Arbeter Zeitung (אַרבעטער צײַטונג, 'Workers Newspaper') was a weekly newspaper published from Kaunas, Lithuania 1921-1922 and again in 1926. It was an organ of the Poalei Zion Smol. Moshe Erem served as the editor-in-chief of the newspaper. However, the 'official' editor of the newspaper was Tuvia Meshorer. Another key figure in the running of the newspaper was Leib Rabinowitz.

Politically, the editorial line of Arbeter Zeitung differed little from that of the Lithuanian Jewish communist movement. However, the newspaper had a different approach on the issue of Jewish national identity than the communists.

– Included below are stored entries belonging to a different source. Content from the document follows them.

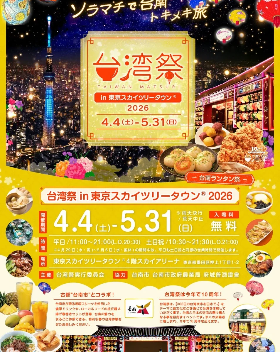 春の東京スカイツリータウン®で、台南の魅力を存分に体感できる特別な台湾祭にぜひ注目してください。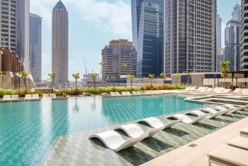 High Rise Premium 2BR apt, PS5, Burj Khalifa view. Is set in the Business Bay district of Dubai, 2.5 km from Burj Khalifa, 2.6 km from The Dubai Fountain and 3 km from Dubai Mall. Among the facilities at this property are a 24-hour front desk and a lift, along with free WiFi throughout the property. During your stay at this apartment, you can make use of an outdoor swimming pool, as well as a selection of a fitness centre and luggage storage space.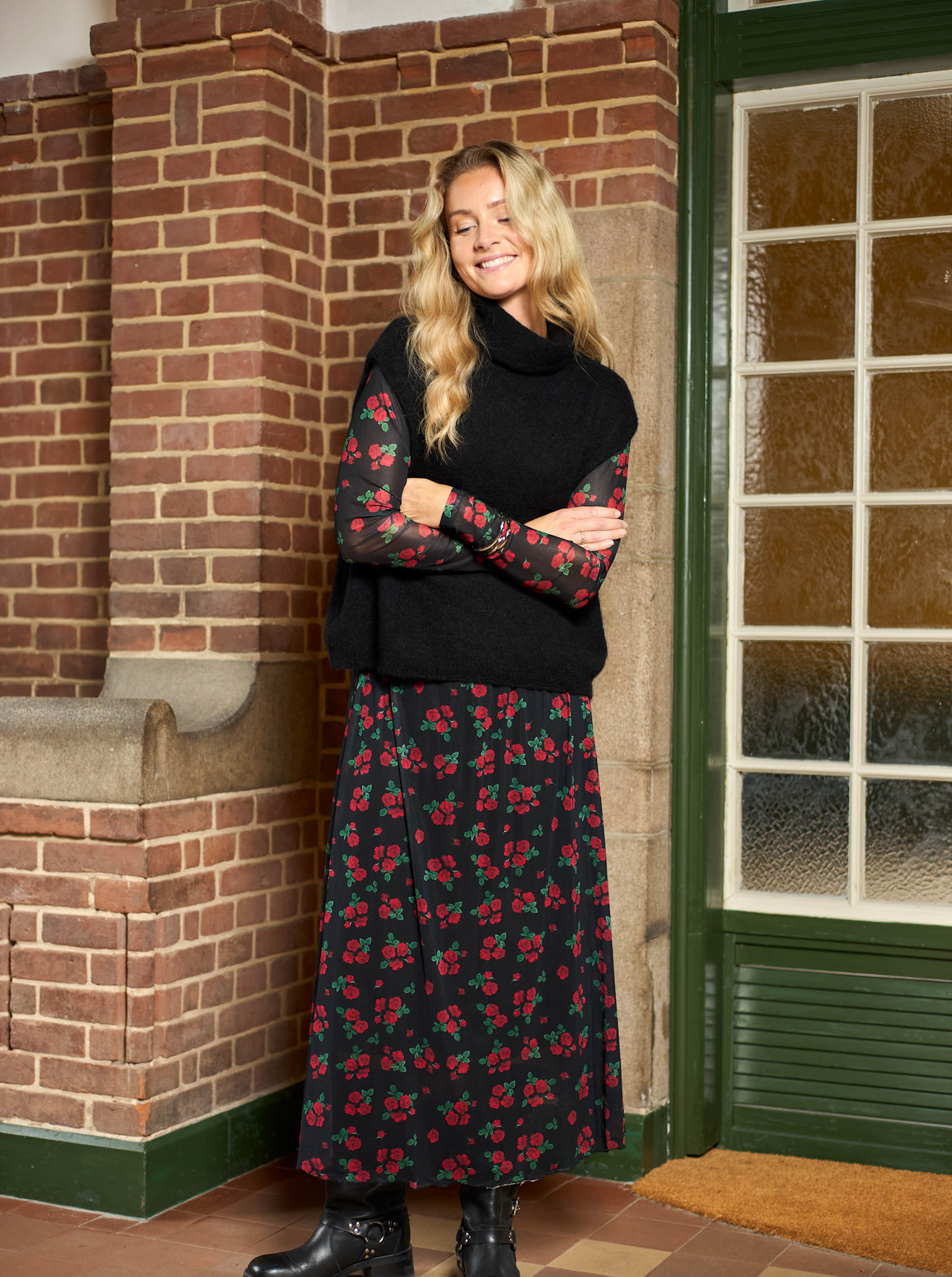 BCANNIE Netzbluse - Rote Blume

Forty issues of Arbeter Zeitung were published between April 1921 and May 1922, when the government launched a crack-down on the publication. Meshorer was sentenced to one year in jail. By 1926, the political tide in Lithuania had turned and Arbeter Zeitung was relaunched with Israel Nitzevitz as its editor. The newspaper was again banned in December 1926, as nationalists were now in control over the government.